In both films, Radio and The Soloist, the “otherness” of both characters is depicted in the very beginning of the two narratives. In Radio, the film opens up with a montage of James “Radio” Kennedy walking through various parts of the town with his shopping cart—which holds many of his belongings and his radio(s)— to which his nickname is given. In the scene where Radio pushes his cart through the town, we see other townspeople either stare at Radio in confusion or disdain, and the film even goes as far as showing a white woman pushing her kid along away from Radio and his cart when crossing the street. While Radio is unbothered by the stares of the people in town, the opening scene establishes Radio’s “otherness” and peculiarity, already depicting that he is “different” from everyone else. 

As viewers, our introduction to Nathaniel Ayers in The Soloist is quite similar. We first meet Ayers at a Beethoven statue in downtown Los Angeles’s Pershing Square. He is playing his violin when Steve Lopez (the L.A. Times reporter who later forms a life-long friendship with Ayers) crosses his path. Ayers too has a shopping cart that, however, holds all of his belongings. Ayers playing often alone on Skid Row in Los Angeles, again, establishes his “otherness” that is often, too, generally associated with the homeless population in general. 

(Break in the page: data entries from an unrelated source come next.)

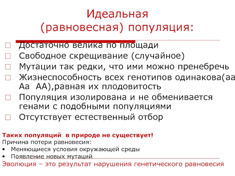 Эволюция – это результат нарушения генетического равновесия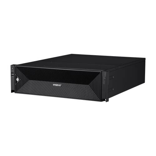 32CH 32MP NVR, triple codec H.265/H.264/MJPEG compression, 400Mbps network camera recording / 64Mbps playback throughput, ARB (Automatic Recovery Backup) & Failover (N+1), up to 16 SATA HDD (160TB max), iSCSI storage, RAID-5/6 support, HDMI local dual monitor, SUNAPI, ONVIF, Easy configuration (P2P), AI search support when working with Wisenet AI camera, no HDD included.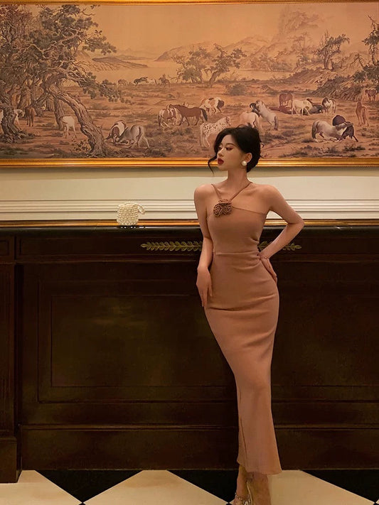 Sexy Sheath Halter Neckline Sleeveless Prom Dresses Birthday Outfits With Flower SD666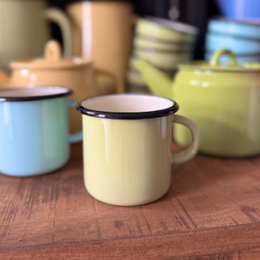 Nádherný smaltovaný hrnček s objemom 350 ml v svetlozelenej farbe.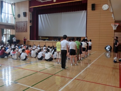 6年生は「学年別運動会」に向けてアリーナで始動しました。揃って動くことの基本を確認していました。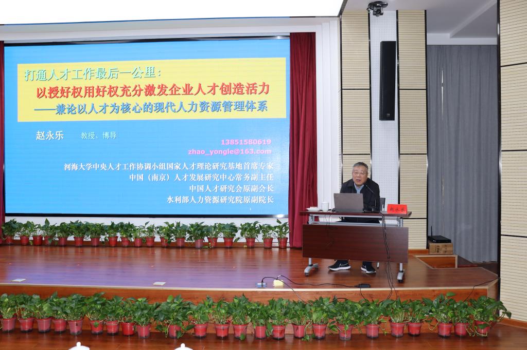 讲座中,赵教授以“打通人才工作最后一公里:以授好权用好权充分激发企业人才创造活力”为主线、以中央人才工作的会议精神为引领,分别从人才工作体系与人才工作的最后一公里、授好权与用好权和企业的人才工作等方面进行了深入浅出、引人入胜的讲授。
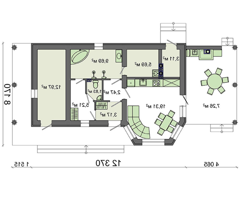 Проект содержит три раздела – АрхитектурныйКонструктивный и Инженерный: водоснабжение, отопление, вентиляция, канализация, электроснабжение (приобретается за дополнительную плату) + Пояснительная записка.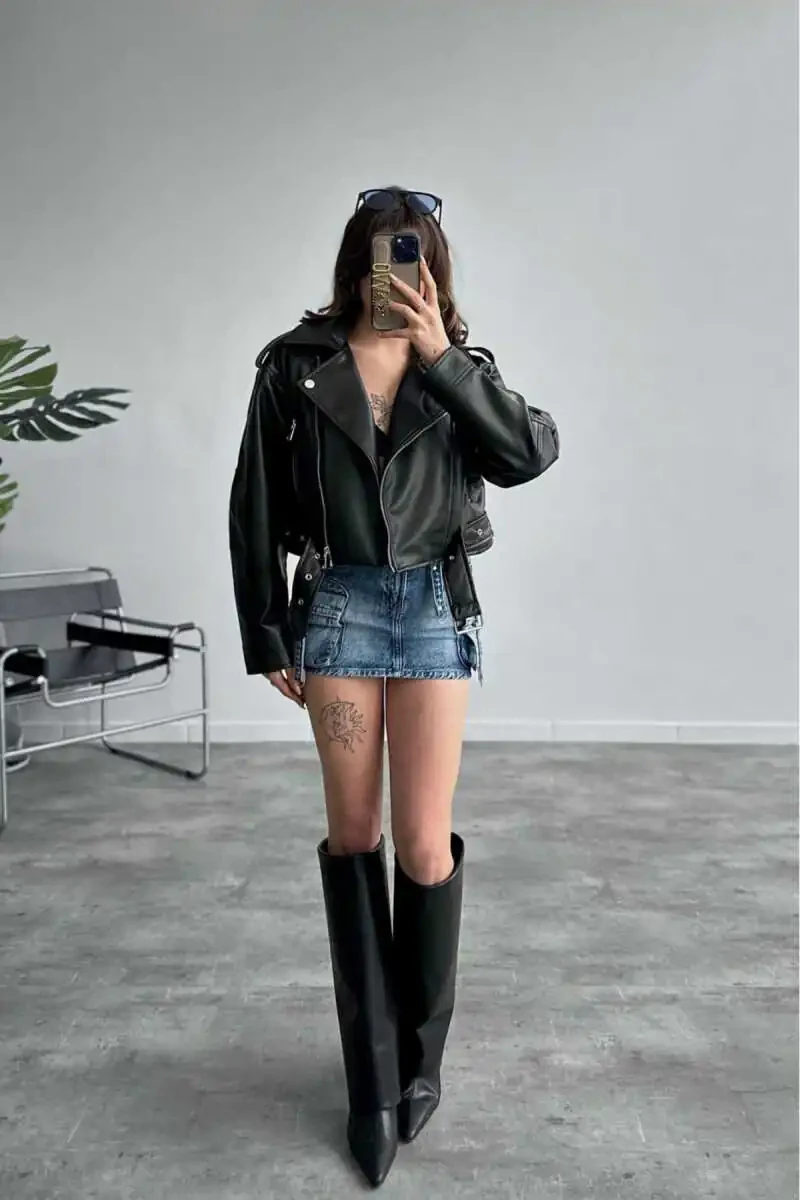 Yangi mavsumning eng trendli buyumlaridan biri bo'lgan oversize ayollar uchun qora biker charm ko'ylagi bilan o'zingizni yanada chiroyli ko'rsating! Klassik biker uslubini zamonaviy teginish bilan birlashtirgan ushbu ko'ylagi har qanday kiyimingizga sofistikatsiya baxsh etadi.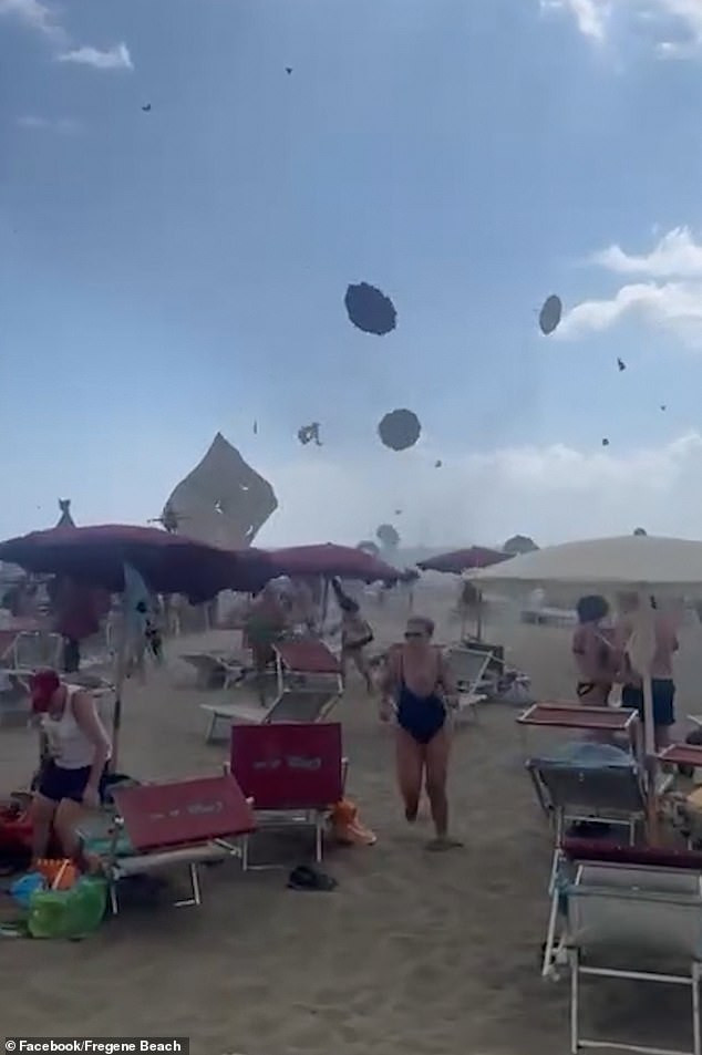 Sự việc xảy ra vào chiều ngày 3/8 vừa qua tại bãi biển Maccarese, nằm ở vùng ven biển phía bắc Rome. Đoạn clip được ghi lại cho thấy cơn lốc xoáy bất ngờ ập đến, cuốn bay nhiều ô dù cắm trên bãi cát, khiến hàng chục người đang tắm nắng trong trang phục đồ bơi phải hốt hoảng bỏ chạy.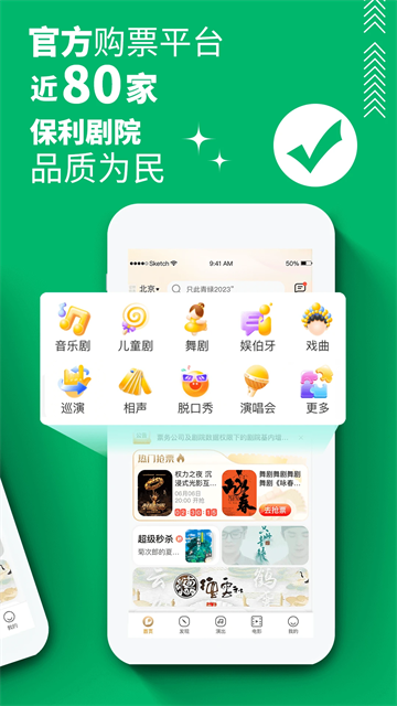 保利文化旗下专业演出购票平台,坐拥全国近80家保利剧院资源,网罗话剧、音乐剧、舞剧、儿童剧、音乐会、演唱会、展览等各类优质票源,一触即享在线选座、现场取票服务;与各大演出机构建立直连合作,确保票源真实可靠,杜绝黄牛票风险。
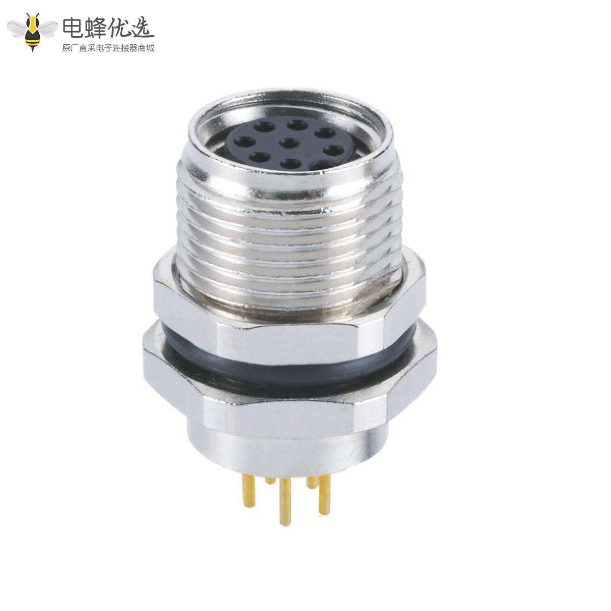- M8, A编码, 8芯,板端插座, 母, 直头, 接PCB板, 前锁板;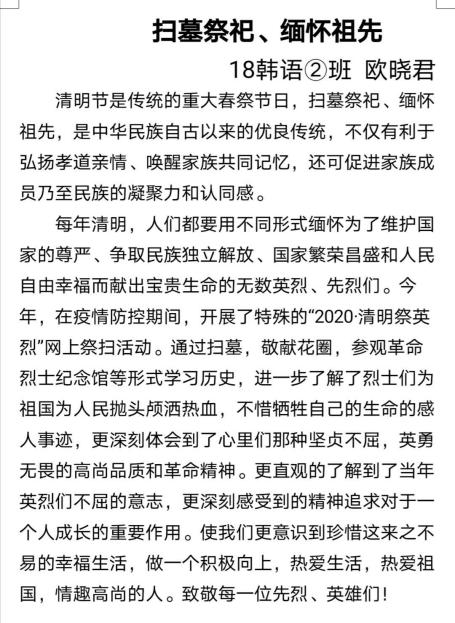 清明节是我国人民悼念逝者、寄托哀思、缅怀先人的传统节日。根据《广东省新冠肺炎防控指挥办疫情防控组关于印发广东省清明祭扫期间新冠肺炎疫情防控工作指引的通知》等相关文件精神,按照马克思主义学院直属党支部疫情防控期间组织生活安排,马克思主义学院概论党小组于清明节组织学生开展了网上祭扫活动。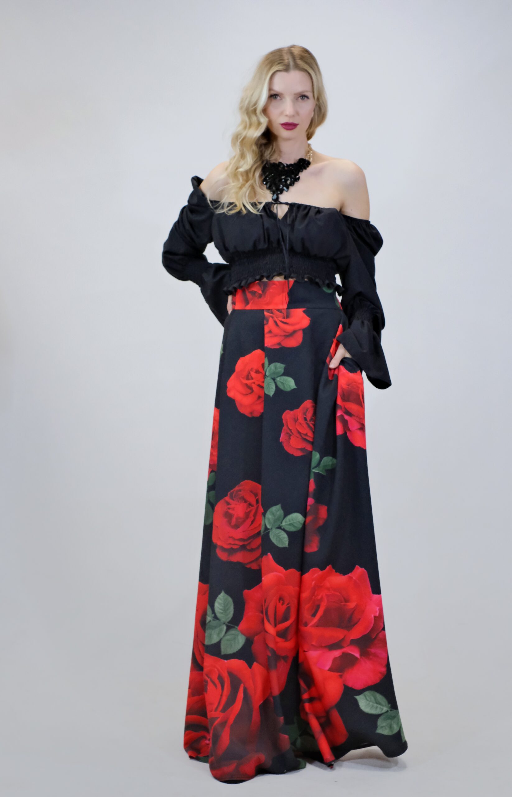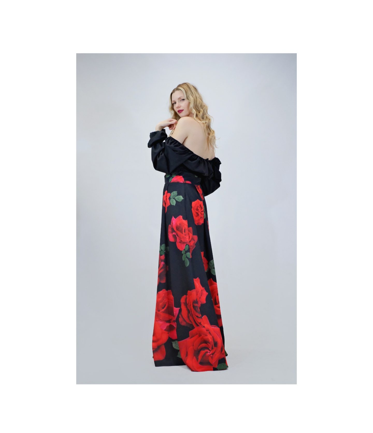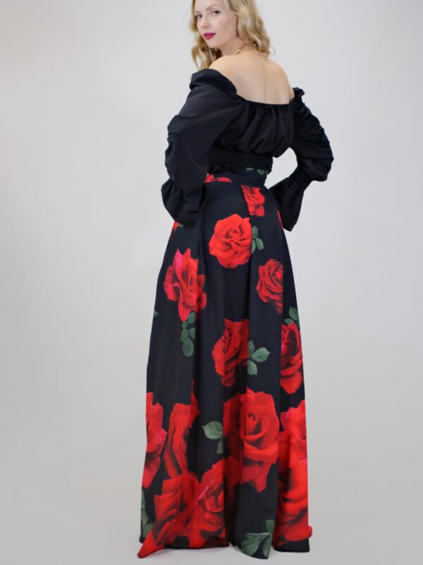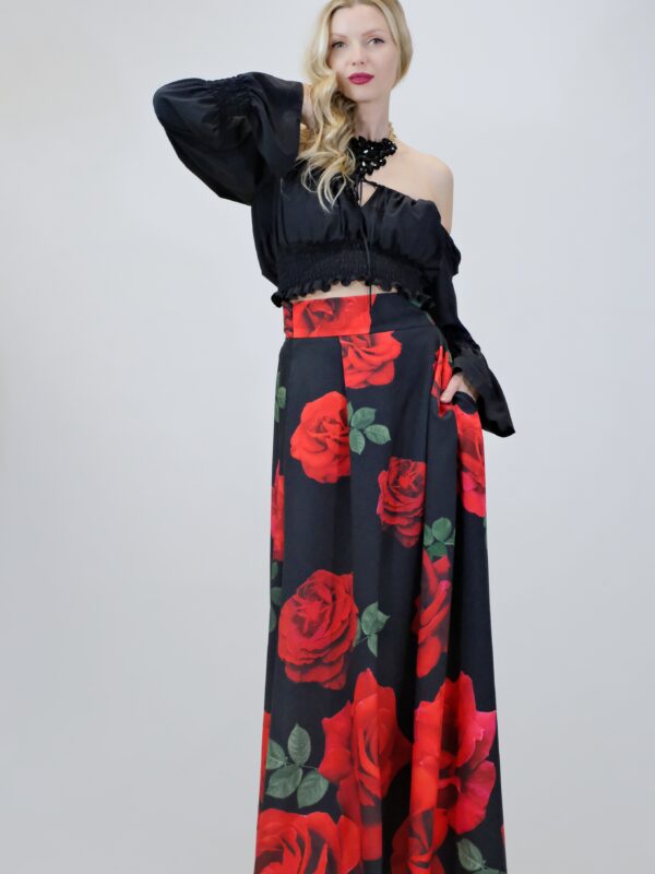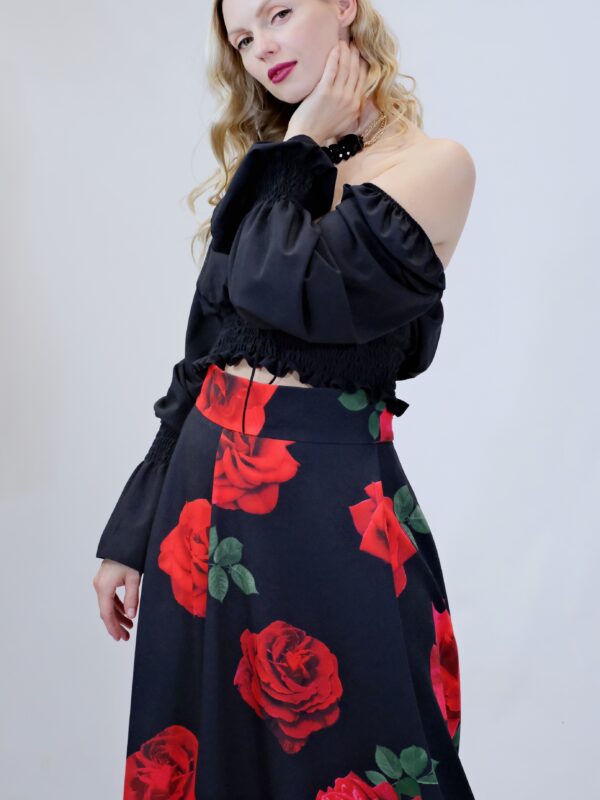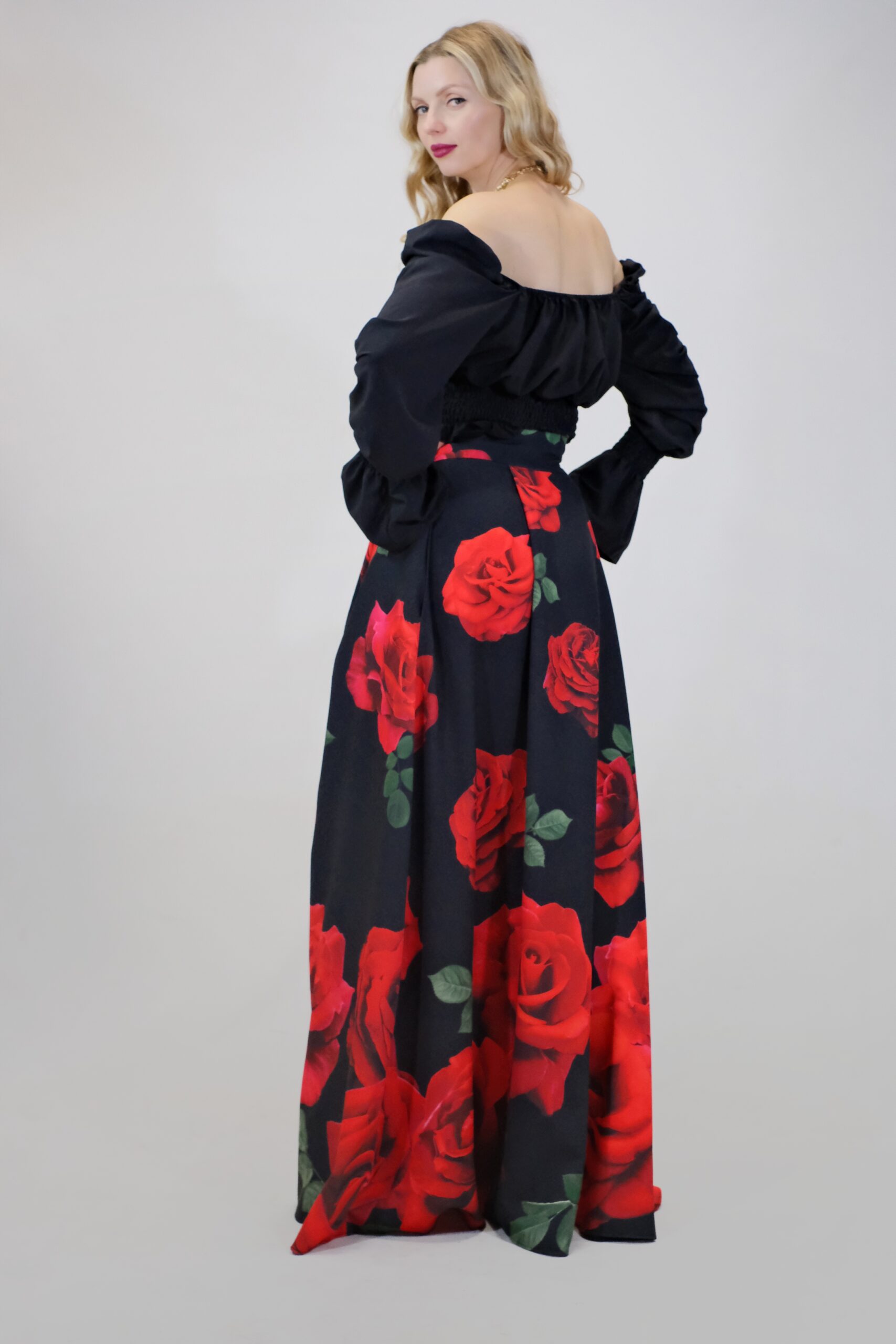 Sukňa je ušitá v jednoduchom strihu, ktorý necháva naplno vyniknúť nádhernému kvetinovému vzoru. Sukňa má zvýšený pás, ktorý vás opticky zoštíhli a zdôrazní kontrast medzi topom a sukňou. Sukňa je ušitá z ľahkého padavé ho materiálu, v ktorom sa budete cítiť ako keby na sebe nič nemáte. Najvýraznejším na sukni je práve Kvetinový vzor ruží. Sukňa sa hodí do spoločnosti a rovnako aj na letnú párty. Kombinujte s červeným alebo čiernymi doplnkami ako naša aranžérka.

When it comes to the exploration and descriptions of the two mental illnesses/disabilities in these two films, their approaches vary. In Radio, Radio is described as merely “different” by others trying to label his “disability.” His mother, Maggie in the film, even expresses that the doctors never really gave them a diagnosis for “it,” just said “he’s slower than most.” (Though, this lack of insight on his disability may be due to the lack of research and access to resources for Radio, James Kennedy, and his family at the time he was born and grew up, from the late 1940s through the 1960s.) Later in the film, as Radio becomes more immersed in the community through Coach Jones and the town’s high school football team, the school board and parents begin to characterize Radio as “severely handicapped,” often describing Radio and his disability as a “risk” and/or “disruptive force.” While in Radio’s case, most of his mental condition is represented through others’ (often “othering”) conceptualizations and an ambiguous diagnosis, Nathaniel Ayers’s paranoid schizophrenia is given more of a definitive representation, and the portrayal of his story in this film allows for the viewer to see the manifestation of his illness through his childhood up until adulthood. 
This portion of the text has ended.